“搶親憑你一人,就想搶親”眾鬼怒吼著,尖銳的、低沉的、嘶吼的、沙啞的,不同的聲音說著同樣的話,重疊在一起猶如雷鳴。
已做廢墟的長街上炸起無數道咒法光芒,從各個方向向裴眠雪襲去。
裴眠雪輕輕抬起眼。
下一刻,他出劍,劍起之處和劍落之處相交重疊,而劍光不滅,掠成一道滿月。
剎那之間風涌成浪,除卻這一輪圓月,其余光華盡數熄滅。
近處的鬼魂在哀嚎聲中散成灰煙。裴眠雪眼底波瀾不驚,轉身望定徒羨魚,對她道“過來。”

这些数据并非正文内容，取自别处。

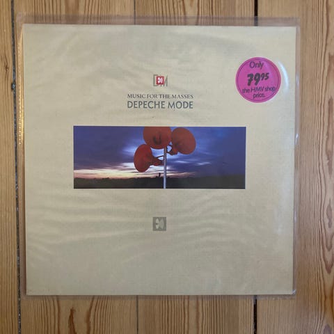 Depeche Mode Black Celebration LP vinyl med sort cover. Indeholder albummet Black Celebration med numre som "Black Celebration", "Fly on the Windscreen", og "A Question of Time".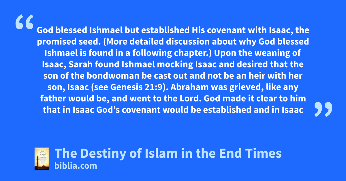 God blessed Ishmael but established His covenant with Isaac, the promised seed. (More detailed discussion about why God blessed Ishmael is found in a following chapter.) Upon the weaning of Isaac, Sarah found Ishmael mocking Isaac and desired that the son of the bondwoman be cast out and not be an heir with her son, Isaac (see Genesis 21:9). Abraham was grieved, like any father would be, and went to the Lord. God made it clear to him that in Isaac God’s covenant would be established and in Isaac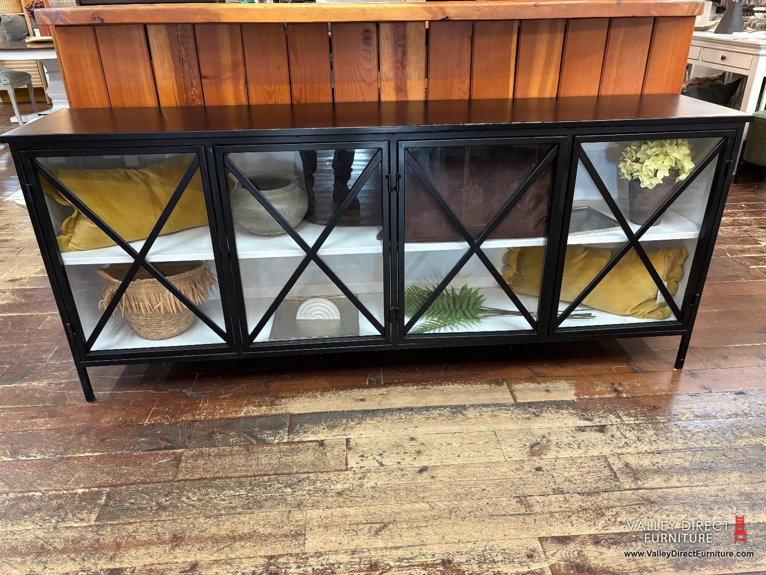 Aurelia Sideboard Clearance SALE Price: $899 Was $2,299 Some surface scratches on the top & sides Only 1 available The Aurelia is a thoughtfully designed collection for the modern home; a bright white interior is beautifully framed by a simple, matte-black metal frame. The Aurelia is a modern, but transitional collection providing stylish storage solutions. Dimensions 79''L x 16''D x 33''H Glass and Metal Construction This modern accent cabinet features a sturdy iron structure finished with four glass doors overlaid by simple crisscross metal detail. It has an airy aesthetic, standing off the floor on four slender, straight legs. Black and White Finish The bright white interior is beautifully framed by the simple, matte-black exterior - a fresh combination that stands out in the best way! Ample Storage/Display Space Two stationary shelves run along the cabinet interior, providing ample space to store and display special trinkets or everyday essentials. Modern Inspired Design A simple blend of neutral colors, straight lines and smooth planes, this piece is right at home in modern interiors!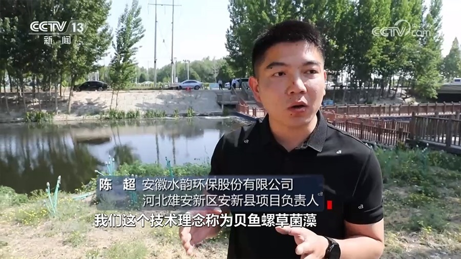 安徽水韻環(huán)保股份有限公司河北雄安新區(qū)安新縣項(xiàng)目負(fù)責(zé)人陳超:“水下是木樁搭的貝床。貝分為濾食性和刮食性,對(duì)水體里面浮游生物,尤其像菌藻類水里面的COD(化學(xué)需氧量)、氨氮、總磷,具有一定的消解作用。我們這個(gè)技術(shù)理念稱為貝魚螺草菌藻,也就是我們常說的大魚吃小魚、小魚吃蝦米,形成閉環(huán)生物鏈,讓這個(gè)水體自凈能力提升,能穩(wěn)定在三類到四類水?!?/p>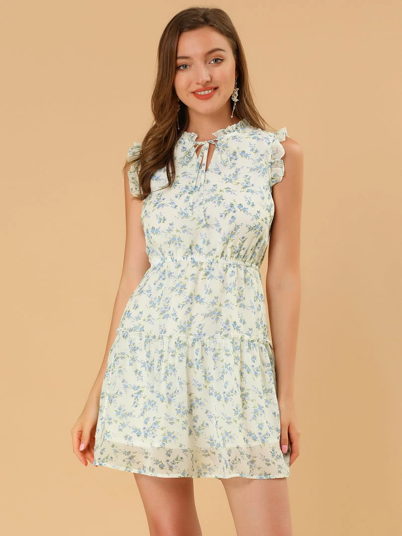 Allegra K Women’s Ditsy Floral Ruffle Neck Bow Tie High Waisted A Line Sleeveless Dress

“好哦。”徒羨魚應下,松開手里的大紅緞帶,向著他走了一步又停下,回頭對師無涯說“師公子,多謝你送我到這里。”
師無涯瞥了裴眠雪一眼即收回目光,低聲問徒羨魚“他來了,你會繼續留在魔淵”
“看我師兄如何安排吧。”徒羨魚道。
“意思是他若留下,你也留下”
“如果可以,我會把他帶回寒山派。”
“王二丫。”裴眠雪催促了一聲。
“我先過去了,這一次多謝師公子,再會。”徒羨魚朝裴眠雪那一眼,回頭向師無涯執了一禮,一路小跑過去。
這鎮上的鬼被打散了一些,但大部分都還在,或飄在空中或停在遠處,用仇恨的目光注視著裴眠雪。
徒羨魚撈了把弓出來,四下環顧,問裴眠雪“我們就這樣直接殺出去”
“不然呢”裴眠雪反問。
她話帶猶豫“鬼的數量太多了。”
卻聞裴眠雪輕笑了聲“小師妹,咱們這是在做好人好事。”
這聲笑偏冷,話音還沒完全落下,歲熄劍往前橫掃,又一次引得鬼魂們哀嚎連天。
出路就這樣被打開,徒羨魚握著弓跟在裴眠雪身后,起初打起了十二分的警惕,漸漸的發現自己根本沒有出手機會,這人一只鬼都不放過,將他們全都送去了往生的三途川。
過了這個鬼鎮就是魔淵邊緣,再走十來步,便出魔淵。徒羨魚看了眼表,眼下的時辰不過寅正。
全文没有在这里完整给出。